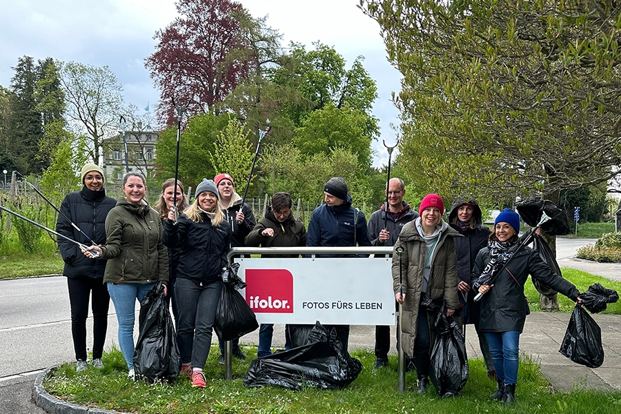 In occasione della Giornata della Terra, che si è svolta il 22 aprile 2024, abbiamo lanciato la nostra prima iniziativa Clean Up Day a Kreuzlingen. Questa iniziativa fa parte del nostro impegno costante per la responsabilità sociale di ifolor. La consapevolezza ambientale è particolarmente importante per noi in quanto azienda produttrice e consumatrice di risorse. Crediamo inoltre che anche piccole misure possano portare a cambiamenti significativi. Nel nostro tentativo di compensare il nostro impatto sull'ambiente, un totale di 15 dipendenti ha partecipato alla campagna Clean Up e ha raccolto i rifiuti nelle vicinanze della sede centrale di ifolor a Kreuzlingen.
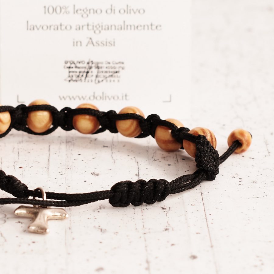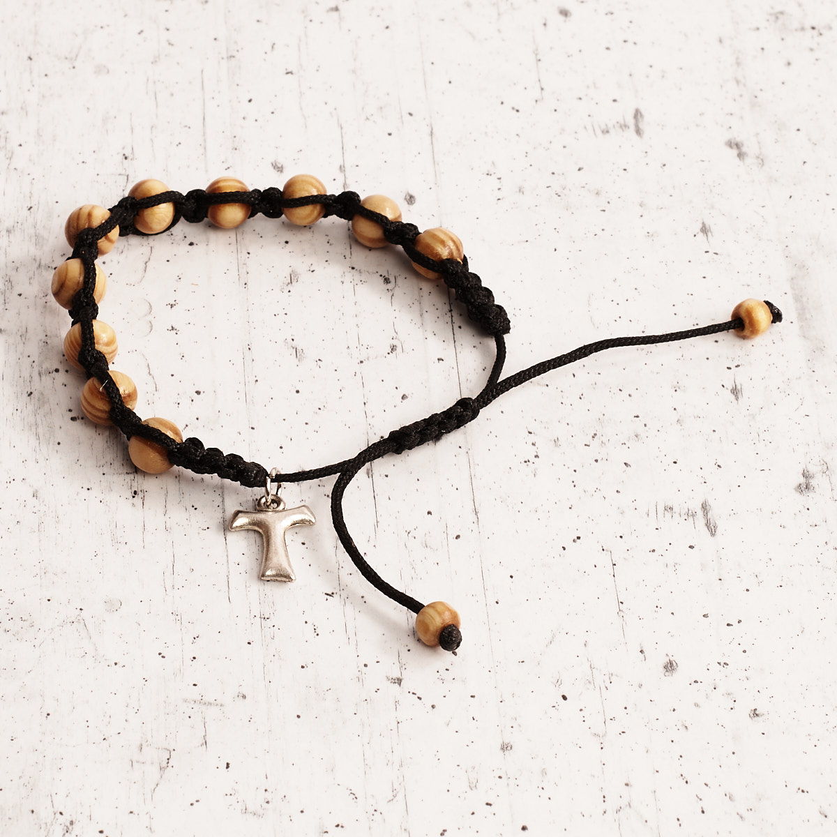 Bracciale a decina unisex. Sfere in olivo da 8 mm. Tau 12×15 mm in metallo nichelato anallergico. Taglia universale. Assemblato a mano con nodo macramè.
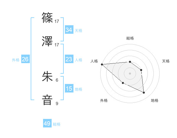 篠澤 朱音さんを姓名の画数から五運を鑑定
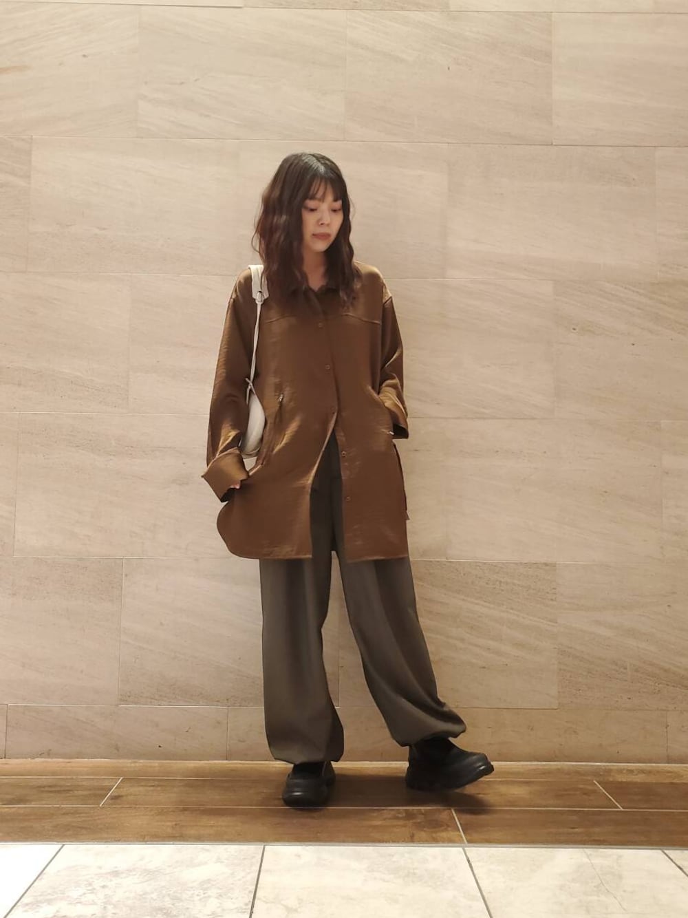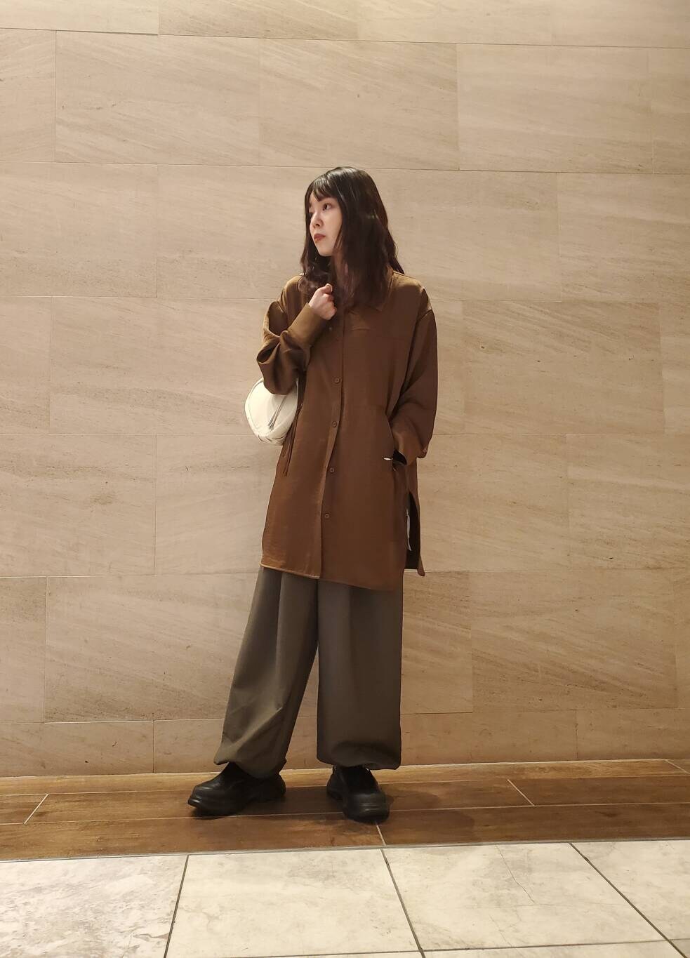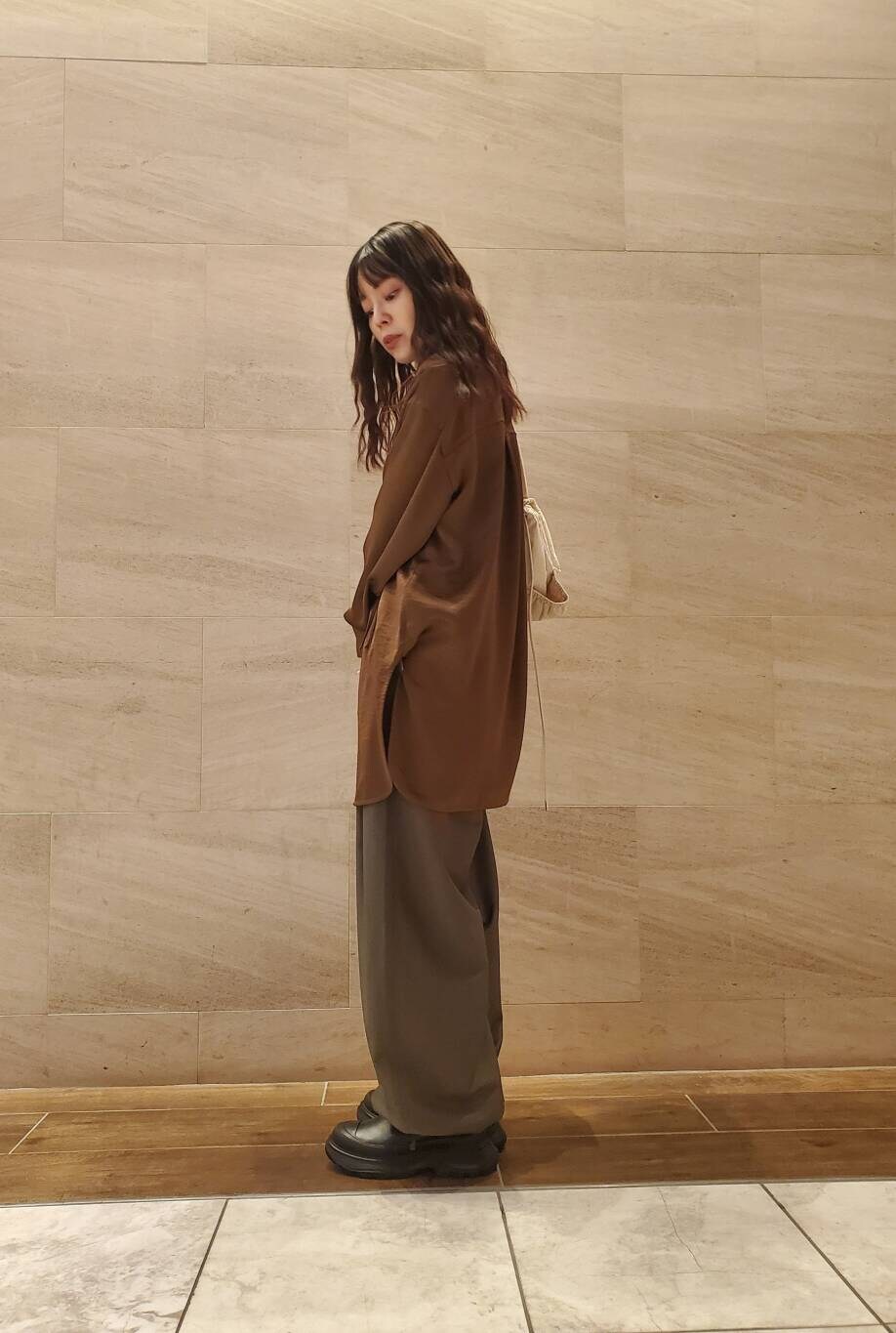 サテンロングシャツ

What you have to do
Copy the full listing above exactly, apart from the pictures.

Response area
 In occasione della Giornata della Terra, che si è svolta il 22 aprile 2024, abbiamo lanciato la nostra prima iniziativa Clean Up Day a Kreuzlingen. Questa iniziativa fa parte del nostro impegno costante per la responsabilità sociale di ifolor. La consapevolezza ambientale è particolarmente importante per noi in quanto azienda produttrice e consumatrice di risorse. Crediamo inoltre che anche piccole misure possano portare a cambiamenti significativi. Nel nostro tentativo di compensare il nostro impatto sull'ambiente, un totale di 15 dipendenti ha partecipato alla campagna Clean Up e ha raccolto i rifiuti nelle vicinanze della sede centrale di ifolor a Kreuzlingen.
 Bracciale a decina unisex. Sfere in olivo da 8 mm. Tau 12×15 mm in metallo nichelato anallergico. Taglia universale. Assemblato a mano con nodo macramè.
 篠澤 朱音さんを姓名の画数から五運を鑑定
 サテンロングシャツ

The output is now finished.